TASK BRIEF.
Starting at the line that holds "प्रदूषकों की सबसे", restate every line word for word up to and including the last one in the listing below, and omit all pictures.

DATASET CONTENT.
*-*-*
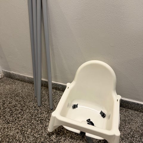 IKEA høy barnestol i hvit plast. Består av sete med ryggstøtte og avtagbare ben. Stolen har enkel sele/fastspenningssystem for barnet. Egnet som spise- og sitteplass for små barn ved bord. Lett å rengjøre og flytte på, og kan demonteres for oppbevaring eller transport.
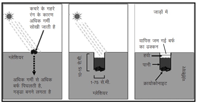 प्रदूषकों की सबसे अधिक मात्रा क्रायोकोनाइट रंध्रों में पाई जाती है। क्रायोकोनाइट रंध्र हिमनद की सतह पर पानी से भरे छिद्र होते हैं जो हिमनद में फंसी हुई तलछट के आसपास की बर्फ ज़्यादा पिघलने के कारण बनते हैं। क्रायोकोनाइट महीन चट्टानी कणों, कालिख (soot) और सूक्ष्मजीवों से निर्मित एक गहरे रंग की भुरभुरी धूल है जो बर्फ, हिमनदों या हिमाच्छदों पर जमा हो जाती है। ये कार्बनिक पदार्थ, पोषक तत्वों एवं अन्य तत्वों को चक्रित करने के गतिशील स्थल हैं जो हिमनद की सतह के अन्यथा शुष्क और सुखाने वाले वातावरण में संभव नहीं हो सकता है। क्रायोकोनाइट्स तब बनते हैं जब प्रकाश संश्लेषक सायनोबैक्टीरिया पर्यावरण में चिपचिपे पदार्थ छोड़ते हैं। ये खनिज धूल, सूक्ष्मजीव और कार्बनिक पदार्थों को एकत्रित कर कणिकाओं का रूप देते हैं। परोपजीवी बैक्टीरिया इन कणिकाओं में बस जाते हैं। इन बैक्टीरिया द्वारा जैविक पदार्थों के अपघटन से ह्यूमिक पदार्थों का निर्माण होता है जिससे कणिकाओं का रंग गहरा हो जाता है। गहरे रंग के कारण क्रायोकोनाइट कणिकाएं और अधिक धूप सोखती हैं जिससे बर्फ पिघलता है और सतह पर छिद्र बन जाते हैं। समय के साथ इन क्रायोकोनाइट रंध्रों की गहराई बढ़ती जाती है और पानी के छोटे-छोटे पोखर बन जाते हैं। ये पोखर मानवजनित संदूषकों के भंडार के रूप में कार्य करते हैं।
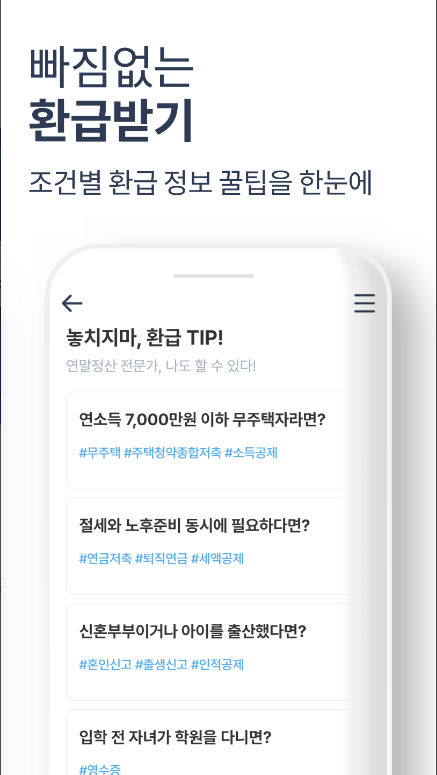 ▣ 곧 연말정산인데, 이제 와서 환급을 더 받을 수 있는 방법이 있을까? 이미 늦지 않았을까? 앱에 있는 환급 팁을 체크해 보세요! 바뀐 정책과 숨은 정보들을 비교하여 다가오는 연말정산 전까지 환급금을 대폭 늘려보세요!
*-*-*
SOLVED EXERCISE.
 प्रदूषकों की सबसे अधिक मात्रा क्रायोकोनाइट रंध्रों में पाई जाती है। क्रायोकोनाइट रंध्र हिमनद की सतह पर पानी से भरे छिद्र होते हैं जो हिमनद में फंसी हुई तलछट के आसपास की बर्फ ज़्यादा पिघलने के कारण बनते हैं। क्रायोकोनाइट महीन चट्टानी कणों, कालिख (soot) और सूक्ष्मजीवों से निर्मित एक गहरे रंग की भुरभुरी धूल है जो बर्फ, हिमनदों या हिमाच्छदों पर जमा हो जाती है। ये कार्बनिक पदार्थ, पोषक तत्वों एवं अन्य तत्वों को चक्रित करने के गतिशील स्थल हैं जो हिमनद की सतह के अन्यथा शुष्क और सुखाने वाले वातावरण में संभव नहीं हो सकता है। क्रायोकोनाइट्स तब बनते हैं जब प्रकाश संश्लेषक सायनोबैक्टीरिया पर्यावरण में चिपचिपे पदार्थ छोड़ते हैं। ये खनिज धूल, सूक्ष्मजीव और कार्बनिक पदार्थों को एकत्रित कर कणिकाओं का रूप देते हैं। परोपजीवी बैक्टीरिया इन कणिकाओं में बस जाते हैं। इन बैक्टीरिया द्वारा जैविक पदार्थों के अपघटन से ह्यूमिक पदार्थों का निर्माण होता है जिससे कणिकाओं का रंग गहरा हो जाता है। गहरे रंग के कारण क्रायोकोनाइट कणिकाएं और अधिक धूप सोखती हैं जिससे बर्फ पिघलता है और सतह पर छिद्र बन जाते हैं। समय के साथ इन क्रायोकोनाइट रंध्रों की गहराई बढ़ती जाती है और पानी के छोटे-छोटे पोखर बन जाते हैं। ये पोखर मानवजनित संदूषकों के भंडार के रूप में कार्य करते हैं।
 ▣ 곧 연말정산인데, 이제 와서 환급을 더 받을 수 있는 방법이 있을까? 이미 늦지 않았을까? 앱에 있는 환급 팁을 체크해 보세요! 바뀐 정책과 숨은 정보들을 비교하여 다가오는 연말정산 전까지 환급금을 대폭 늘려보세요!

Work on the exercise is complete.